_YOUR ASSIGNMENT_
Word for word, set down the lines from the one that contains "The Turquoise Oversized" through the final line of the data; no pictures belong in the copy.

(Data entries)
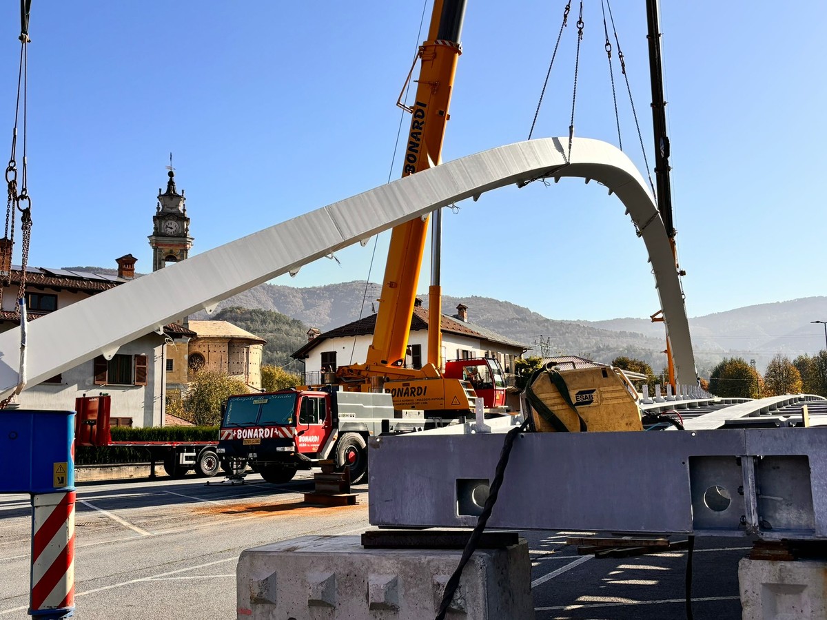A inizio ottobre 2024 la ditta Bertero, che si è occupata della costruzione della struttura, procede con la fase di assemblaggio della passerella con cantiere su piazzale Indemini e poi dell'arco. La struttura ha una lunghezza di circa 50 metri, con arco pendinato di circa 9 metri e mezzo di altezza e un peso complessivo di 150 tonnellate.
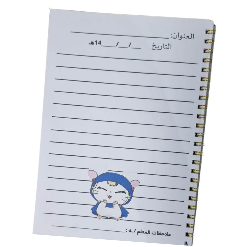 المقاس: A5 | عدد الصفحات: خيارات 40 أو 60 أو 80 أو 100 | التعديل: الاسم والصف والمادة حسب الطلب
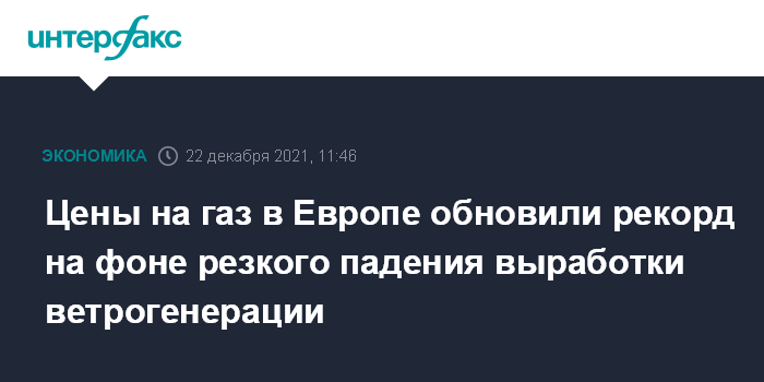 Москва. 22 декабря. Спотовая цена газа в Европе обновила рекорды, достигнув днем ранее почти $2200 за тысячу кубометров, на фоне резкого падения выработки электроэнергии из возобновляемых источников (до трехмесячного минимума).
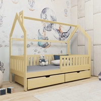 Dřevěná postel Timon 80x180 cm borovice moderní design dětský domeček postel z masivního borovicového dřeva prostorné zásuvky
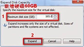 Step2:設定硬碟空間的總容量。要新增硬碟空間容量60GB,所以Max. disk size=105+60=165GB,按Expand。
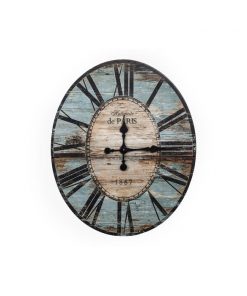 The Turquoise Oversized Distressed Paris Wood Wall Clock is oval shaped and full of old world charm. Why settle for a simple wall clock to merely ensure the time. Bring both function and Paris flair to your space with this wall clock. It showcases a typographic motif in the center. This wooden wall clock is large enough to become an eye catching focal point in any room. The classy style of this clock is the epitome of elegance from the simple colors to the Roman numerals surrounding its edge. This oval wooden clock will keep track of your time and add farmhouse appeal to your wall decor.
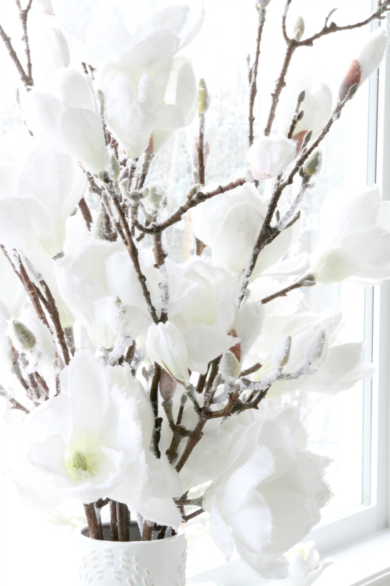 My white flocked magnolia still grace my “sideboard” (a white metal locker shelving unit from IKEA). They’ll stay here for a while longer before being replaced with something for spring, maybe pink flowered twigs or simple green leafy branches.
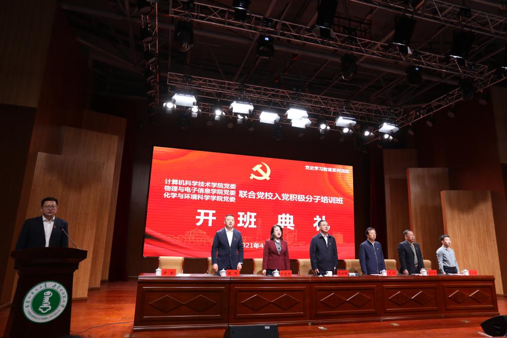 在庆祝中国共产党百年华诞的重大时刻,在“两个一百年”奋斗目标历史交汇的关键节点,全党集中开展党史学习教育之际,2021年4月10日,beat365英国官方网站党委、物理与电子信息学院党委、化学与环境科学学院党委在盛乐校区图书馆二楼报告厅联合举办2021年入党积极分子培训班开班典礼。

_WORKED SOLUTION_
 The Turquoise Oversized Distressed Paris Wood Wall Clock is oval shaped and full of old world charm. Why settle for a simple wall clock to merely ensure the time. Bring both function and Paris flair to your space with this wall clock. It showcases a typographic motif in the center. This wooden wall clock is large enough to become an eye catching focal point in any room. The classy style of this clock is the epitome of elegance from the simple colors to the Roman numerals surrounding its edge. This oval wooden clock will keep track of your time and add farmhouse appeal to your wall decor.
 My white flocked magnolia still grace my “sideboard” (a white metal locker shelving unit from IKEA). They’ll stay here for a while longer before being replaced with something for spring, maybe pink flowered twigs or simple green leafy branches.
 在庆祝中国共产党百年华诞的重大时刻,在“两个一百年”奋斗目标历史交汇的关键节点,全党集中开展党史学习教育之际,2021年4月10日,beat365英国官方网站党委、物理与电子信息学院党委、化学与环境科学学院党委在盛乐校区图书馆二楼报告厅联合举办2021年入党积极分子培训班开班典礼。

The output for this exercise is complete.